# Quail hollow draw



## DHower08 (Nov 20, 2015)

Anyone get drawn for quail hollow. They were suppose to start calling people Monday. 2 of us signed up and have not heard anything. I'm assuming everyone would be notified by Friday at the latest


----------



## Kenlow1 (Jul 14, 2012)

My son got drawn and he and I will hunt the first 2 weeks. Can actually shoot a buck before shooting a doe unlike Summit County controlled hunts where you are required to shoot a doe first before taking a buck. Hopefully take a couple does for the freezer and buck hunt during the rut in Woodsfield (Monroe Co) in November.


----------



## DHower08 (Nov 20, 2015)

Congrats. And I did notice that you could shoot a buck first. Theirs got to be some giants in there. What location did you guys select


----------



## Perch-N-Quackers (Jun 26, 2011)

No one I know who entered got drawn.


----------



## Kenlow1 (Jul 14, 2012)

Dan, my son picked Zone 5 which is close to Congress Lake Rd.
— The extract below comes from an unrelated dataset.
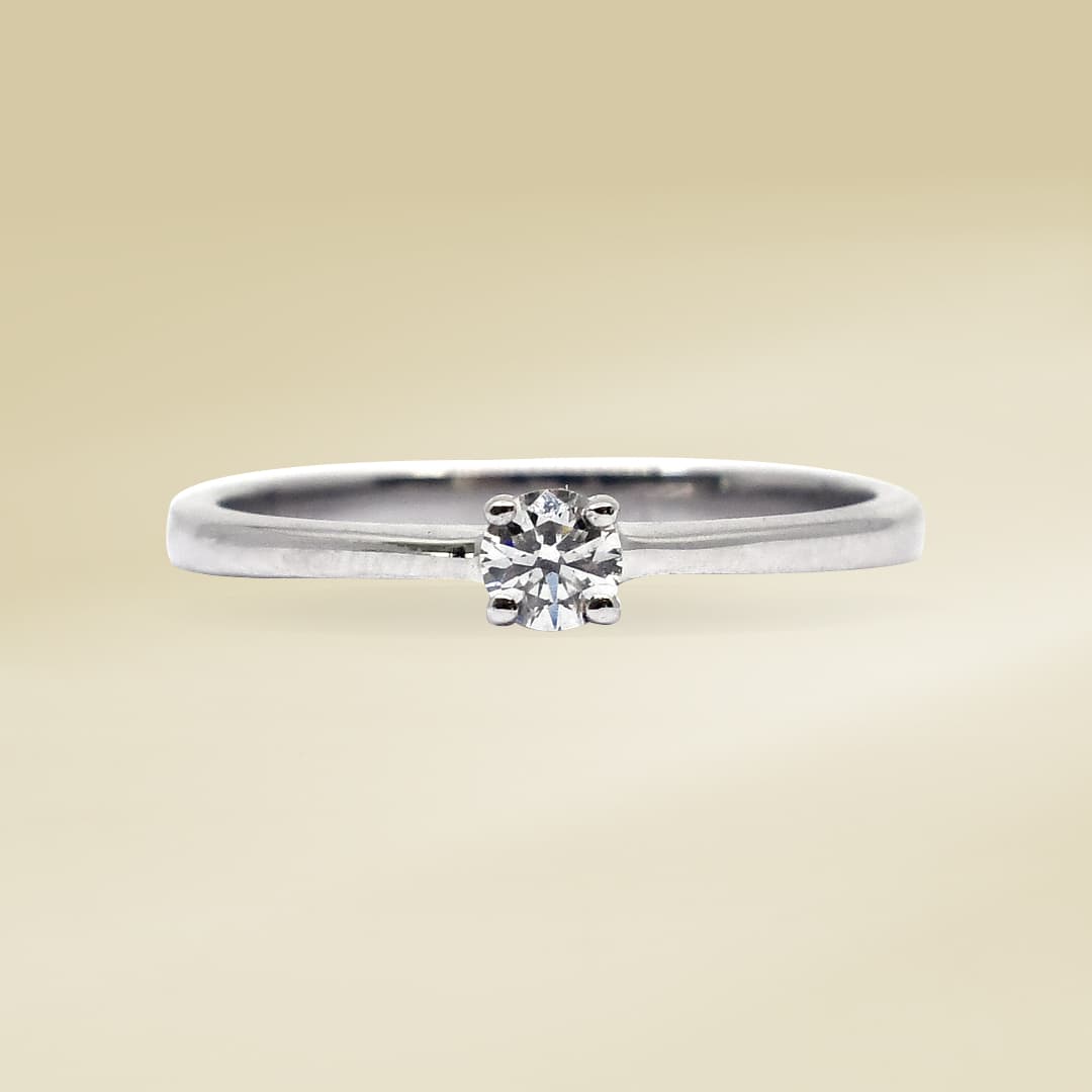 18K White Gold Ladies’ Ring with Round Cut, Single Stone Diamonds

We went out yesterday and scouted our area and it is a "jungle"! We were going to put a pop up blind but there is so much brush the place looks like we will have to do a lot of pruning to get a decent shot? Can only trim up to 1/2' saplings. Not many trees in this area to put up a tree stand either, brush and small shrubs and briars.


----------



## DHower08 (Nov 20, 2015)

That was going to be one of my picks due to the swampy look on the map. Either 5 or 3 were my two choices if I would have been drawn


----------



## Kenlow1 (Jul 14, 2012)

Will keep you informed and let you know how we do.


----------



## DHower08 (Nov 20, 2015)

I read online that it said any extra slots were available first come first serve. Does anyone know who to get in contact with about those


----------



## ditchdigger (Feb 22, 2012)

When is this hunt? I live across the park and the last time they never closed off the entrance to one of the trails by my house on Duquette St.


----------



## DHower08 (Nov 20, 2015)

October 2 is first day of hunt. Park will remain open


----------



## ditchdigger (Feb 22, 2012)

DHower08 said:


> October 2 is first day of hunt. Park will remain open


The last time it was a youth gun hunt and for some reason they never closed off the entrance to a trail across from my house on Duquette St. They closed all the others.


----------



## one3 (Dec 1, 2015)

Did not here about this, was it advertised some place.


----------



## DHower08 (Nov 20, 2015)

I stumbled across it on the internet not even searching for anything remotely close to it. It felt like it was meant to be that's why I entered. I was wrong hahaha


----------